Fraksi Golkar: Perda Harus Jadi Alat Ketertiban dan Kesejahteraan

Suasana sidang paripurna di DPRD Klungkung Fraksi Golkar

KLUNGKUNG, InsertBali — Pemerintah Kabupaten Klungkung bersama DPRD Kabupaten Klungkung resmi menyepakati penetapan dua Peraturan Daerah (Perda) strategis. Kesepakatan ini diambil dalam Sidang Paripurna yang digelar di Ruang Sidang Sabha Nawa Natya pada Kamis (7/5/2026). Dua regulasi yang disahkan meliputi Perda tentang Penyelenggaraan Ketertiban Umum, Ketenteraman, dan Perlindungan Masyarakat serta Perda tentang Prasarana, Sarana, dan Utilitas Umum Perumahan dan Kawasan Permukiman.

Sebelum pengesahan dilakukan, sidang diawali dengan penyampaian pendapat akhir masing-masing fraksi DPRD Klungkung. Salah satunya adalah Fraksi Partai Golkar yang dibacakan oleh I Nyoman Alit Sudiana. Dalam penyampaiannya, Fraksi Partai Golkar menegaskan bahwa dua Ranperda yang dibahas bukan sekadar produk hukum. Regulasi ini adalah arah peradaban lokal dalam menata ketertiban, pembangunan, dan masa depan ruang hidup masyarakat Klungkung.

Fraksi Partai Golkar menegaskan bahwa ketertiban adalah cerminan hadirnya negara dalam menjamin rasa aman dan keadilan. Namun demikian, implementasi Perda dinilai masih menghadapi tantangan seperti keterbatasan SDM dan sarana prasarana. Karena itu, penguatan Satuan Polisi Pamong Praja (Satpol PP) dinilai menjadi sebuah keharusan. Hal ini mencakup aspek kuantitas personel, kualitas SDM, hingga dukungan operasional yang memadai.
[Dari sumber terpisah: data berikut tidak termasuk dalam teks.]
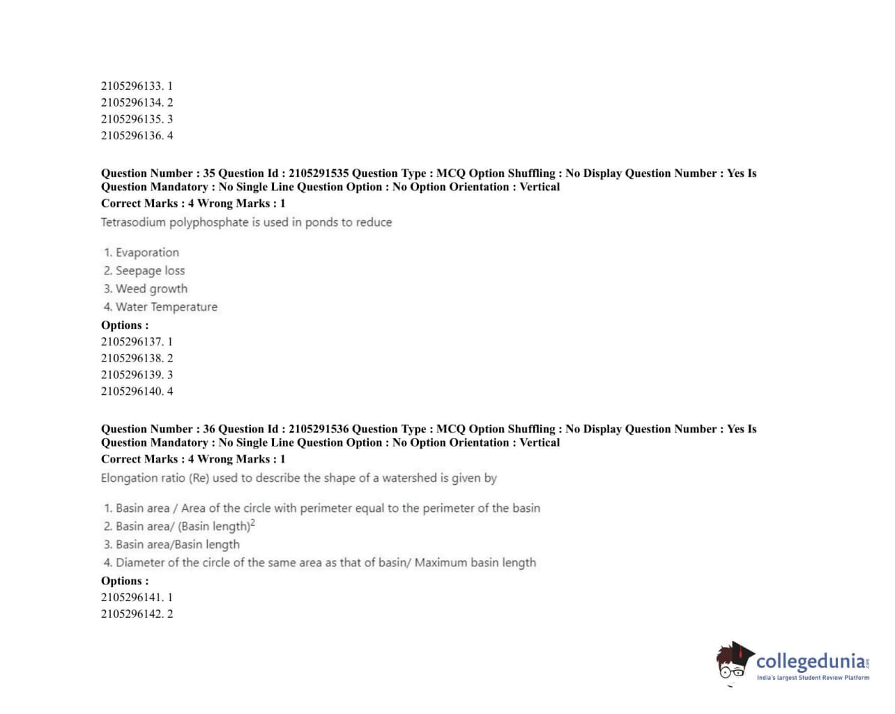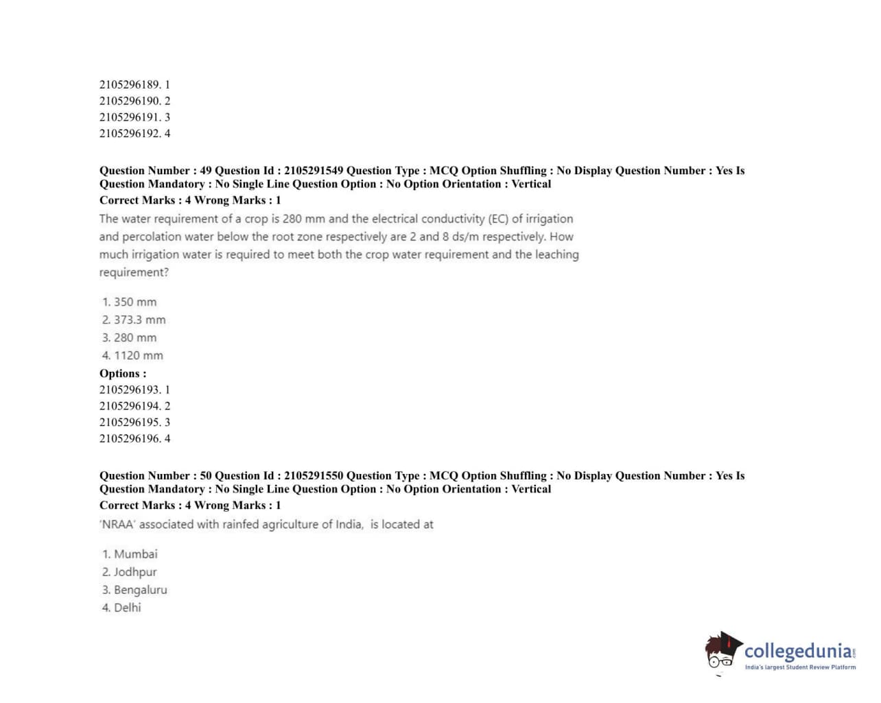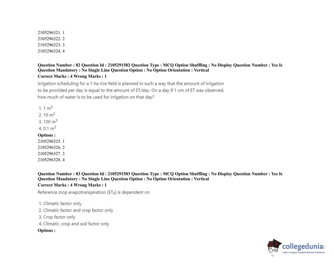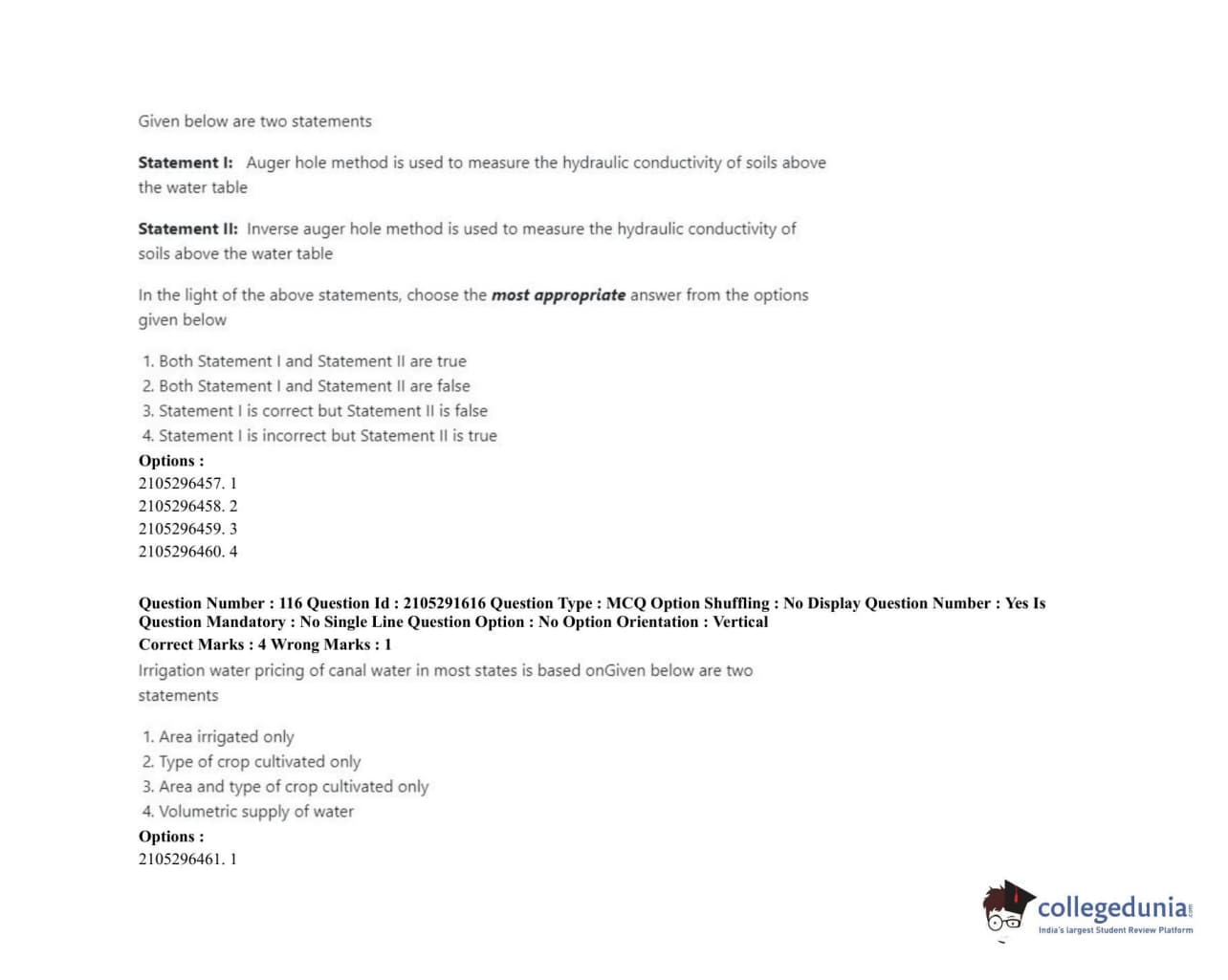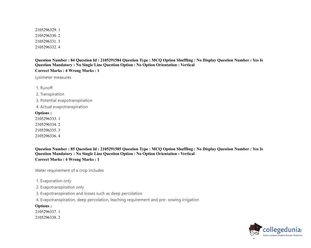 | ICAR AIEEA 2020 PG - WATER SCIENCE AND TECHNOLOGY Question Paper PDF | ICAR AIEEA 2020 PG - WATER SCIENCE AND TECHNOLOGY Answer Key PDF |

Pendekatan penegakan aturan juga diharapkan tidak lagi didominasi pola represif. Golkar mendorong langkah preventif, edukatif, dan partisipatif dengan melibatkan desa adat, pecalang, serta seluruh elemen sosial. Sinergi lintas lembaga yang optimal menjadi kunci agar rasa aman dan ketenteraman sosial masyarakat dapat benar-benar terjamin.

Pengawasan Pengembang dan Visi Pembangunan Terintegrasi

Terkait Perda perumahan, Fraksi Golkar menilai pertumbuhan pembangunan yang pesat harus diimbangi pengawasan tegas. Masih adanya pengembang yang belum patuh terhadap perizinan dan fasilitas umum dinilai sebagai pelanggaran serius terhadap ruang hidup masyarakat.

Oleh karena itu, pengawasan terhadap pengembang harus dilakukan secara konsisten dan tidak tebang pilih. Validasi data faktual di lapangan juga menjadi syarat penting guna menghindari konflik kepentingan dalam kebijakan tata ruang.

Fraksi Partai Golkar menegaskan pentingnya satu visi pembangunan yang terintegrasi di seluruh kecamatan. Kecamatan Klungkung diposisikan sebagai pusat jasa, Nusa Penida sebagai pariwisata unggulan, Banjarangkan sebagai kawasan pertanian, dan Dawan sebagai pusat perikanan serta konektivitas laut. Setelah mempertimbangkan seluruh hasil pembahasan, Fraksi Partai Golkar menyatakan menerima dan menyetujui kedua Ranperda tersebut untuk ditetapkan menjadi Perda.